After his conversion, he later became a spy for Israel’s Shin Bet agency and their leadership had praised his courage.

The battle to keep Yousef in America began when the DHS denied his asylum request in February 2009, claiming that he had been involved in terrorism and was a threat to the United States.

Yousef has now broken his silence and revealed his feelings in his latest blog in which he said, “Honestly, I am still in shock. I was sitting beside my attorney, focused on how I would answer the questions that were coming. Gonen ben Itzhak, my dear friend and former Shin Bet handler, had flown in from Israel to testify on my behalf and waited with a security guard in the empty courtroom next door.

“Judge Rico Bartolomei was entering into the record all the documents and motions that had been introduced since my last hearing, getting everybody on the same page before we started.

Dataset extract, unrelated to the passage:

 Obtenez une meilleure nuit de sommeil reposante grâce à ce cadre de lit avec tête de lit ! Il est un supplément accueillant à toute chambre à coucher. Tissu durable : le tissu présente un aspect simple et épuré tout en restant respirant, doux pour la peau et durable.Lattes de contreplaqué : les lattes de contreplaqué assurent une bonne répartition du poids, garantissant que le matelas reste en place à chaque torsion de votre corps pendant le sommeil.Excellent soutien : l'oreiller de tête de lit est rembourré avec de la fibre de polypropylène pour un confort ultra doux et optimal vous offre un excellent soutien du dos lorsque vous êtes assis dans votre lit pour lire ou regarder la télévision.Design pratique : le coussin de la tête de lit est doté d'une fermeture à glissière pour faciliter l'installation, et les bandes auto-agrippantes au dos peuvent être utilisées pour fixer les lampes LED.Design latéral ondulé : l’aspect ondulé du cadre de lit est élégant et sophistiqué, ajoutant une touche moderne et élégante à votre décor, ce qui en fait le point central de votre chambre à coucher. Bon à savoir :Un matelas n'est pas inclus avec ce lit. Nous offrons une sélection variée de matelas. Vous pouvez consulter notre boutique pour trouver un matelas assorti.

“That done, he called for Gonen.

“That’s when DHS senior attorney Kerri Calcador dropped the bombshell. The Department of Homeland Security, she said, no longer opposes the asylum petition of Mosab Hassan Yousef.”

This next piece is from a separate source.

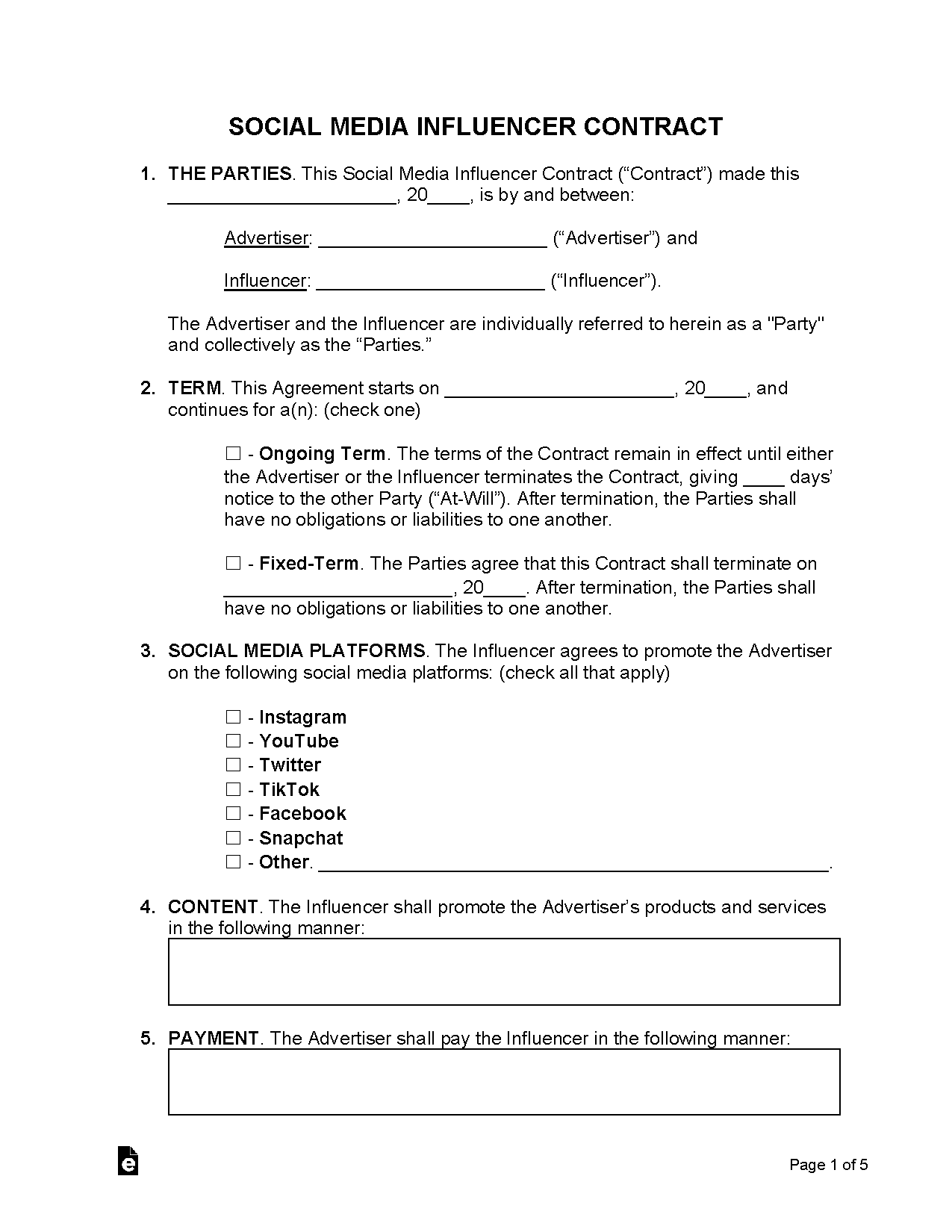 Hello, I own a real estate company and I'm hiring an influencer for marketing purposes. In exchange for a marketing fee when the advertised property is sold, can you tell me what kind of contract I need and what laws apply?

Yousef went on to say, “No one in the courtroom could get hold of what had just happened. Not me, not the judge, not my attorney. We were prepared for several hours of testimony and defense. But 15 minutes after we walked into the courtroom, it was over.

“There was nothing left to do. Judge Bartolomei granted me political asylum, pending a routine background check, rose and left the courtroom. Then the security guards efficiently led all of us out of the courtroom, down the halls, through the razor-wired fences and out into the parking lot, where a crowd of well-wishers applauded and cheered and network cameras rolled.

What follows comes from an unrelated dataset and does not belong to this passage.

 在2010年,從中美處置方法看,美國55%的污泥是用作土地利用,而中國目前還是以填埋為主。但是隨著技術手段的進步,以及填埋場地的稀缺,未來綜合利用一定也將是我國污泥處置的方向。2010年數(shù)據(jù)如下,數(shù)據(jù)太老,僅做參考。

“As we drove home through San Diego, we thanked God for his grace and for all those he used to make this happen. For countless people around the world who prayed for me.”

He went on to thank the following:

“For U.S. Rep. Doug Lamborn (R-CO), who circulated a letter through the House of Representatives that was co-sponsored by 21 other congressmen, asking DHS Secretary Janet Napolitano to give “full consideration . . . to Mr. Yousef’s views and conduct in recent years, particularly his cooperation with Shin Bet at significant risk to his own safety and life.”

“Signatories include Representatives Frank Wolf (VA), Trent Franks (AZ), Cynthia Lummis (WY), Bill Posey (FL), Kenny Marchant (TX), John Kline (MN), John Shadegg (AZ), Joe Wilson (SC), Daniel Lungren (CA), John Boozman (AK), Michele Bachmann (MN), Marsha Blackburn (TN), Bill Shuster (PA), Joseph Pitts (PA), Lynn Jenkins (KS), Rob Bishop (UT), Jeff Fortenberry (NE), Dan Rohrabacher (CA), Robert Aderholt (AL), Mike Pence (IN) and Aaron Schock (IL).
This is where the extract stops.